====== Record extracts ======

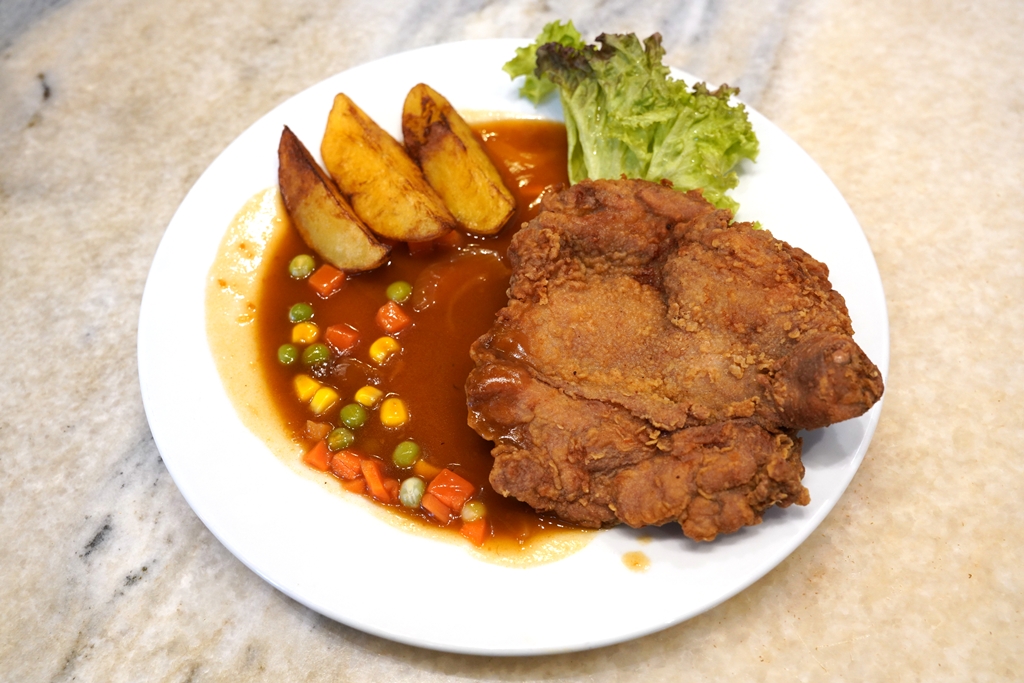 3. Ho Kow’s Signature Hainanese Fried Chicken Chop (19.90++ MYR) [14/20] – สะโพกไก่ชุบแป้งทอดแบบแผ่นใหญ่เสิร์ฟราดซอสมะเขือเทศกับเฟรนช์ฟรายส์
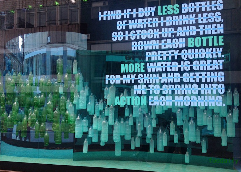 如果只宣传概念而没有更具针对性的实际行动,这次展览可能只会被视为某个华而不实的喊口号式运动。不过 Selfridges 已经决定,从今往后停止在自己的商店里提供一次性塑料水瓶,转而推广玻璃瓶和可循环使用的盛水容器。为鼓励人们自己携带水壶,Selfridges 还在这家伦敦店铺里设了一个专门的饮水处,让来往的顾客自行取水饮用。
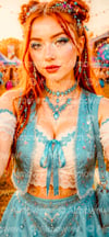 • Vibrant Boho-Chic Festival Looks: Teal and orange-toned outfits with lace, embroidery, and gemstone details.
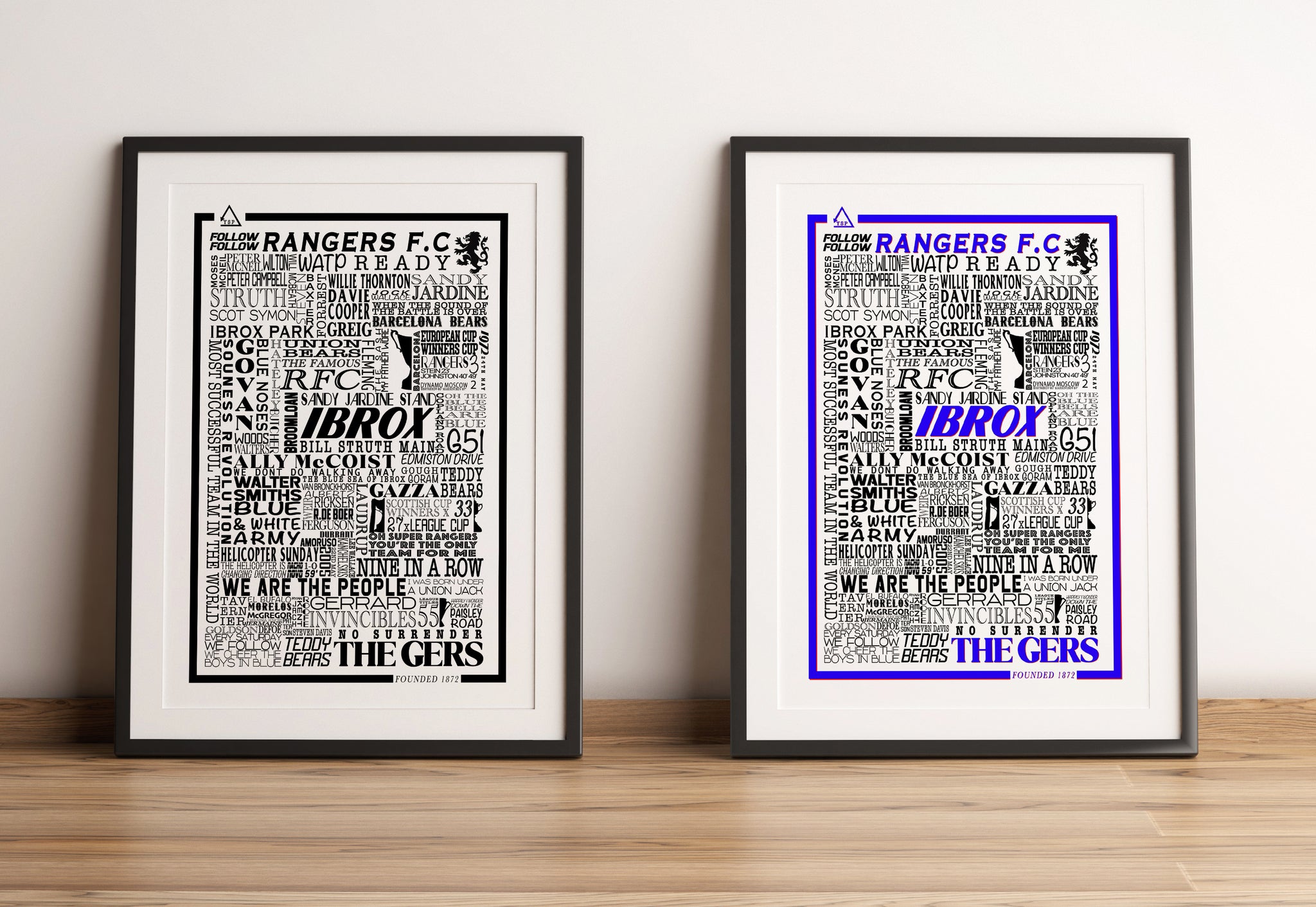 This Rangers Football History Print celebrates the rich history of Rangers Football Club and their story. Honours won, classic matches, unforgettable moments, fan favourite players, club legends and successful managers throughout the years.
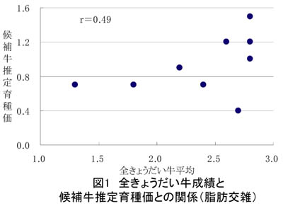 - 全きょうだい牛の肥育成績と候補牛の推定育種価の相関係数が、中程度以上の値(脂肪交雑:0.49)であったことから、全きょうだい牛の肥育成績を用いることにより、従来の直接検定のみの一時選抜に比べ、より正確に候補牛の能力を推定できる(図1)。
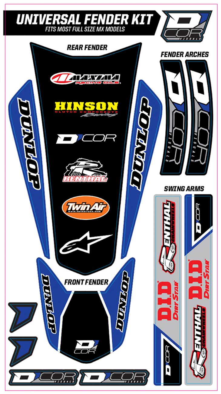 - Includes graphics for front fender, rear fender, fender arches and swingarm
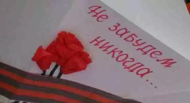 Он взял удостоверение ветерана труда и 9 Мая отправился на праздник с сыном. На мероприятии ему вручили конверт в форме фронтового треугольника с гвардейской лентой, гвоздикой и фразой "Не забудем никогда!".
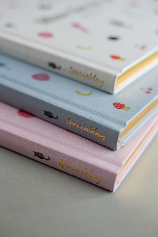 Barnets bog fra Specialday findes i flere forskellige udgaver til alle de særlige øjeblikke, fra graviditeten til babys første tid, som man skal huske at skrive ned, inden tiden flyver væk med dem. Mine første år fra Specialday er skabt til forældre, der sætter pris på kvalitet og æstetisk design.

======

Please repeat exactly the lines from the one containing "and gemstone details." through the end of the entries, both included, omitting pictures.

 • Vibrant Boho-Chic Festival Looks: Teal and orange-toned outfits with lace, embroidery, and gemstone details.
 This Rangers Football History Print celebrates the rich history of Rangers Football Club and their story. Honours won, classic matches, unforgettable moments, fan favourite players, club legends and successful managers throughout the years.
 - 全きょうだい牛の肥育成績と候補牛の推定育種価の相関係数が、中程度以上の値(脂肪交雑:0.49)であったことから、全きょうだい牛の肥育成績を用いることにより、従来の直接検定のみの一時選抜に比べ、より正確に候補牛の能力を推定できる(図1)。
 - Includes graphics for front fender, rear fender, fender arches and swingarm
 Он взял удостоверение ветерана труда и 9 Мая отправился на праздник с сыном. На мероприятии ему вручили конверт в форме фронтового треугольника с гвардейской лентой, гвоздикой и фразой "Не забудем никогда!".
 Barnets bog fra Specialday findes i flere forskellige udgaver til alle de særlige øjeblikke, fra graviditeten til babys første tid, som man skal huske at skrive ned, inden tiden flyver væk med dem. Mine første år fra Specialday er skabt til forældre, der sætter pris på kvalitet og æstetisk design.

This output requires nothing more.